* [THE INPUT]
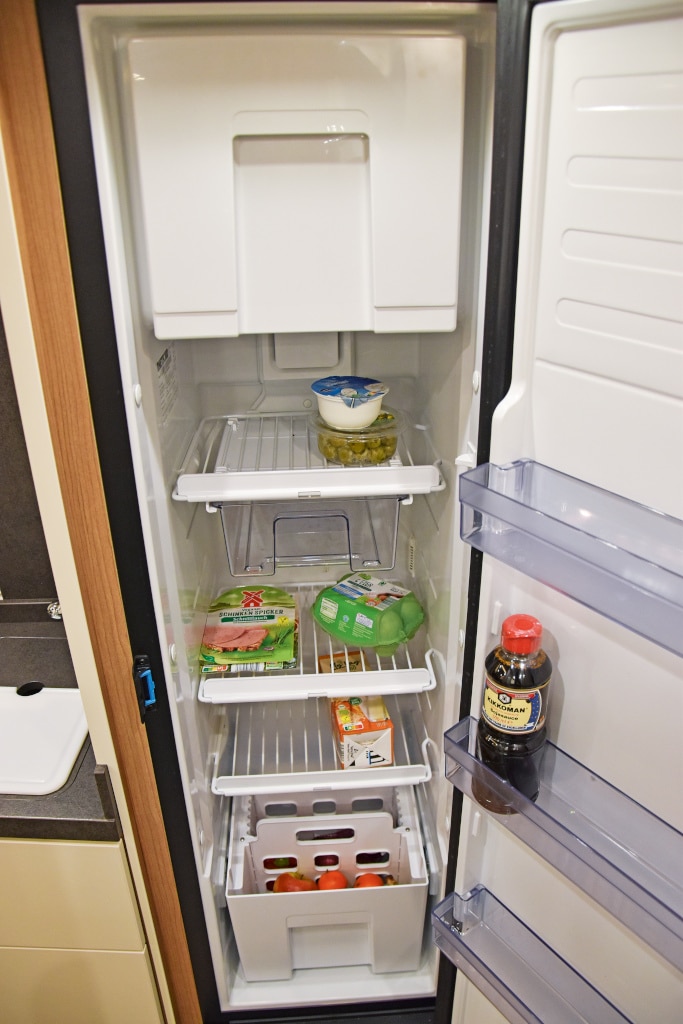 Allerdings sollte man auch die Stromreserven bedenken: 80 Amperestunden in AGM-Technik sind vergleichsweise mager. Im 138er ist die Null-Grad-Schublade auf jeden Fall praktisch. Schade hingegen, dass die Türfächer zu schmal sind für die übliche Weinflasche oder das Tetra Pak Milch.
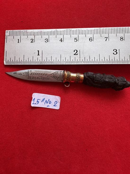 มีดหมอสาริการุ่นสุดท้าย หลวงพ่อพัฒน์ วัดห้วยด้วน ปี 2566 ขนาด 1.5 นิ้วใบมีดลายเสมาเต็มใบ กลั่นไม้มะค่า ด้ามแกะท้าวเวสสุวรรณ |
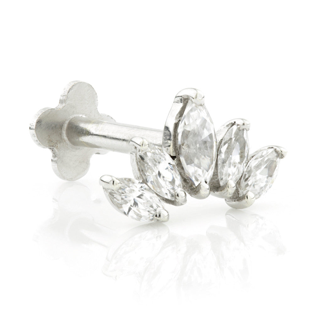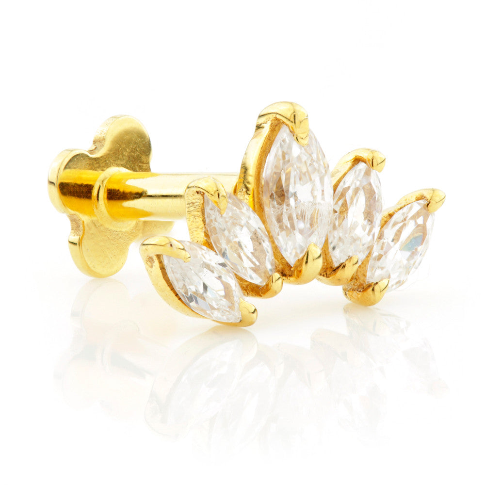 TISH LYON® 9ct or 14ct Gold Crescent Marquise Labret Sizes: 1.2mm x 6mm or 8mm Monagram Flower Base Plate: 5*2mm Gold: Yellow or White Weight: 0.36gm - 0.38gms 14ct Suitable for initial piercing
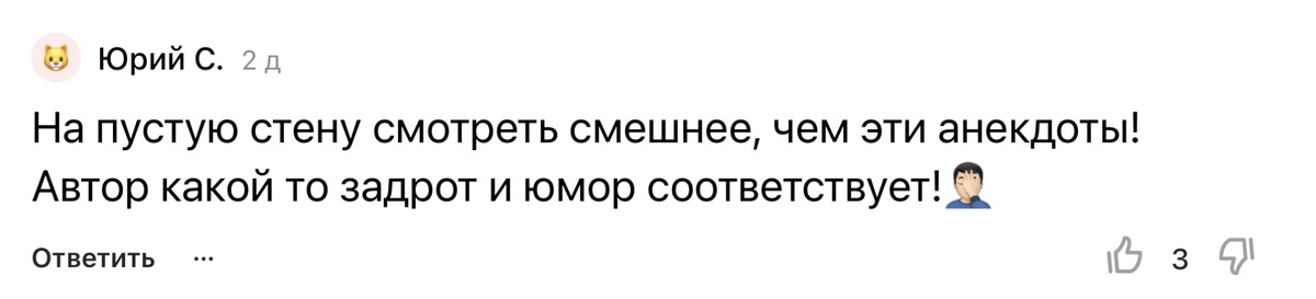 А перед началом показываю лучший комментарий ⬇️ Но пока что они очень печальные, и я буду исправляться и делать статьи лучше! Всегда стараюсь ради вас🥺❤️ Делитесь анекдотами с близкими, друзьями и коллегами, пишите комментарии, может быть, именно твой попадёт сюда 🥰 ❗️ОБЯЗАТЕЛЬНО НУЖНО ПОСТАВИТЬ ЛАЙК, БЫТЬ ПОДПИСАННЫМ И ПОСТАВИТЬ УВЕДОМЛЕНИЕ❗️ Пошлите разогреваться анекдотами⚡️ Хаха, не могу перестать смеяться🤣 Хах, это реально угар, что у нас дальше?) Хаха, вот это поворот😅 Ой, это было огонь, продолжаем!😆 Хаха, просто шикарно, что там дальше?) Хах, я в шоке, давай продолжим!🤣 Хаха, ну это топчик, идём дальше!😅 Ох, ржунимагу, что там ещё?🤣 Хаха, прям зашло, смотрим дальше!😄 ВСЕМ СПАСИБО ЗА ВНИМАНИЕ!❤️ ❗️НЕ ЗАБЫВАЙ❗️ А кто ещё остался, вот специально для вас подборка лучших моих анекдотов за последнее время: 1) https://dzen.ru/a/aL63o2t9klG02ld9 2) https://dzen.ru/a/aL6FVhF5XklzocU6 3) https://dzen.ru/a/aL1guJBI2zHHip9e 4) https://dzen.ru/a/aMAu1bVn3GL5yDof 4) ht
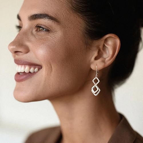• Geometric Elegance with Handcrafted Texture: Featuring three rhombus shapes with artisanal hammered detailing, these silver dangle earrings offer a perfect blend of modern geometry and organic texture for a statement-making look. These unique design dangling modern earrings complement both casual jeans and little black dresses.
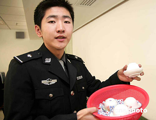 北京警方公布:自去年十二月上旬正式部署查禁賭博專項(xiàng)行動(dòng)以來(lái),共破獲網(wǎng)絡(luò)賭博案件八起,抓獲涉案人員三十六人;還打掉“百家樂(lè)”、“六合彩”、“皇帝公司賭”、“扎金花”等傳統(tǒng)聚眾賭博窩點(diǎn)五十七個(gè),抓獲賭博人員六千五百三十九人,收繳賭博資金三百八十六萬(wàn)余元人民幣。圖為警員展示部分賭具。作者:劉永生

* [YOUR INSTRUCTIONS] Any picture found in the data is to be skipped while the rest is copied exactly.

* [WRITTEN REPLY]
 Allerdings sollte man auch die Stromreserven bedenken: 80 Amperestunden in AGM-Technik sind vergleichsweise mager. Im 138er ist die Null-Grad-Schublade auf jeden Fall praktisch. Schade hingegen, dass die Türfächer zu schmal sind für die übliche Weinflasche oder das Tetra Pak Milch.
 มีดหมอสาริการุ่นสุดท้าย หลวงพ่อพัฒน์ วัดห้วยด้วน ปี 2566 ขนาด 1.5 นิ้วใบมีดลายเสมาเต็มใบ กลั่นไม้มะค่า ด้ามแกะท้าวเวสสุวรรณ |
 TISH LYON® 9ct or 14ct Gold Crescent Marquise Labret Sizes: 1.2mm x 6mm or 8mm Monagram Flower Base Plate: 5*2mm Gold: Yellow or White Weight: 0.36gm - 0.38gms 14ct Suitable for initial piercing
 А перед началом показываю лучший комментарий ⬇️ Но пока что они очень печальные, и я буду исправляться и делать статьи лучше! Всегда стараюсь ради вас🥺❤️ Делитесь анекдотами с близкими, друзьями и коллегами, пишите комментарии, может быть, именно твой попадёт сюда 🥰 ❗️ОБЯЗАТЕЛЬНО НУЖНО ПОСТАВИТЬ ЛАЙК, БЫТЬ ПОДПИСАННЫМ И ПОСТАВИТЬ УВЕДОМЛЕНИЕ❗️ Пошлите разогреваться анекдотами⚡️ Хаха, не могу перестать смеяться🤣 Хах, это реально угар, что у нас дальше?) Хаха, вот это поворот😅 Ой, это было огонь, продолжаем!😆 Хаха, просто шикарно, что там дальше?) Хах, я в шоке, давай продолжим!🤣 Хаха, ну это топчик, идём дальше!😅 Ох, ржунимагу, что там ещё?🤣 Хаха, прям зашло, смотрим дальше!😄 ВСЕМ СПАСИБО ЗА ВНИМАНИЕ!❤️ ❗️НЕ ЗАБЫВАЙ❗️ А кто ещё остался, вот специально для вас подборка лучших моих анекдотов за последнее время: 1) https://dzen.ru/a/aL63o2t9klG02ld9 2) https://dzen.ru/a/aL6FVhF5XklzocU6 3) https://dzen.ru/a/aL1guJBI2zHHip9e 4) https://dzen.ru/a/aMAu1bVn3GL5yDof 4) ht
• Geometric Elegance with Handcrafted Texture: Featuring three rhombus shapes with artisanal hammered detailing, these silver dangle earrings offer a perfect blend of modern geometry and organic texture for a statement-making look. These unique design dangling modern earrings complement both casual jeans and little black dresses.
 北京警方公布:自去年十二月上旬正式部署查禁賭博專項(xiàng)行動(dòng)以來(lái),共破獲網(wǎng)絡(luò)賭博案件八起,抓獲涉案人員三十六人;還打掉“百家樂(lè)”、“六合彩”、“皇帝公司賭”、“扎金花”等傳統(tǒng)聚眾賭博窩點(diǎn)五十七個(gè),抓獲賭博人員六千五百三十九人,收繳賭博資金三百八十六萬(wàn)余元人民幣。圖為警員展示部分賭具。作者:劉永生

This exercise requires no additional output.